[darcs-users] DRAFT Proposal: Navigating the space of versions using Tree hashes

Thu Sep 9 03:26:50 UTC 2010

On Mon, Sep 6, 2010 at 7:08 AM, Eric Kow <kowey at darcs.net> wrote:

> Thanks for posting the links!  Now that you have issue992 as background,
> would you mind researching prior discussions to help us avoid covering
> old ground?  Perhaps what would be most useful is a summary of proposals so far
> (note the one by David) and what how your proposal differs from it.

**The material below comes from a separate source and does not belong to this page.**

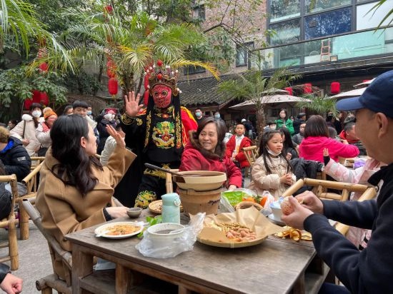 春節(jié)期間,重慶市渝中區(qū)山城巷中,“山城壩壩”茶館的院壩內(nèi)坐滿了客人。人們一邊圍爐煮茶,一邊欣賞臺(tái)上的傳統(tǒng)藝術(shù)表演,川劇變臉演員剎那間切換臉譜,贏得滿堂喝彩。老板舒蓉?zé)崆檎泻糁腿耍瑢⒉杷?、點(diǎn)心端到桌上,忙得不亦樂乎。“今年春節(jié)的客流量遠(yuǎn)超預(yù)期,營業(yè)額是去年同期的七八倍?!?/p>

That should be pretty clear if you read my proposal or glance at the
older proposals.  My proposal does not use the context to generate the
hash but instead the pristine state.  Everything else is an
implication of that.

If you haven't read my proposal (and you indicated you haven't) then I
guess you might not spot that.

> I'm not sure what the second hash corresponds to, if it's pristine or if
> it's just the hash of the inventory contents, but in either case they
> would both uniquely identify equivalent repository states, unless I
> misunderstand.  If anybody finds out what the hash is in tag
> subinventory files, maybe updating http://wiki.darcs.net/Hashes could be
> a good idea

I'm pretty sure that prior to using hashed storage darcs never stored
a hash of any states.  David would have treated a hash of a tag to be
equivalent in meaning.

> The trickiness is that Darcs repositories can often have patches in
> different order from each other -- that's the whole point -- but I'm not
> sure how important that is in practice.  I think a lot of the previous
> discussion goes back into how to deal with this fact, and that minimal
> contexts tend to come up.

My proposal intentionally avoids both of those things (order of
inventory and the mystical "minimal context", which has never been
shown to exist), as I was aware of those past discussions.  It avoids
those because that seems to be exactly where the discussion always
stagnated in the past.

> Sorry, I haven't gotten around to reading the meat of your proposal yet.
> Hopefully later :-)

I'm assuming you didn't read the IRC discussion either.  We came to
the conclusion that it's actually really easy to get identical
pristine states from different *sets* of patches.  Meaning, not just
different permutations of the inventory.  This essentially means it's
meaningless to talk about identical pristine state.  When I wrote the
proposal I was well aware it's possible but I was thinking that such
cases are rare enough to ignore.  Petr pointed out that conflict
resolution is a time when it's actually kind of likely to happen.

It was generally agreed that hashing the inventory leads to the right
solution.  It's hard to say what order the inventory will be in, so as
a relaxation of hashing the inventory, it was suggested that we could
sort patchinfos and then hash the inventory.  Hashing the entire
inventory might be expensive.  The proposed actual implementation
schemes use optimizations such as only hashing the inventory after the
most recent tag. Personally, I'm not convinced that those
optimizations are guaranteed to work.  Perhaps incremental hashes of
the inventory could be used instead.  Also, Initially I thought that
sorting the patch infos before hashing was problematic, but I'm less
concerned about that now.  I was thinking it was an aggressive over
approximation of the property that your repo is defined by the set of
patches.  Now I think it may be fine.

So it seems that this proposal doesn't work but maybe the old proposal
of using hashes of patchinfos could be resurrected in a way that
doesn't lead to dead-end discussions about "minimal context".

Jason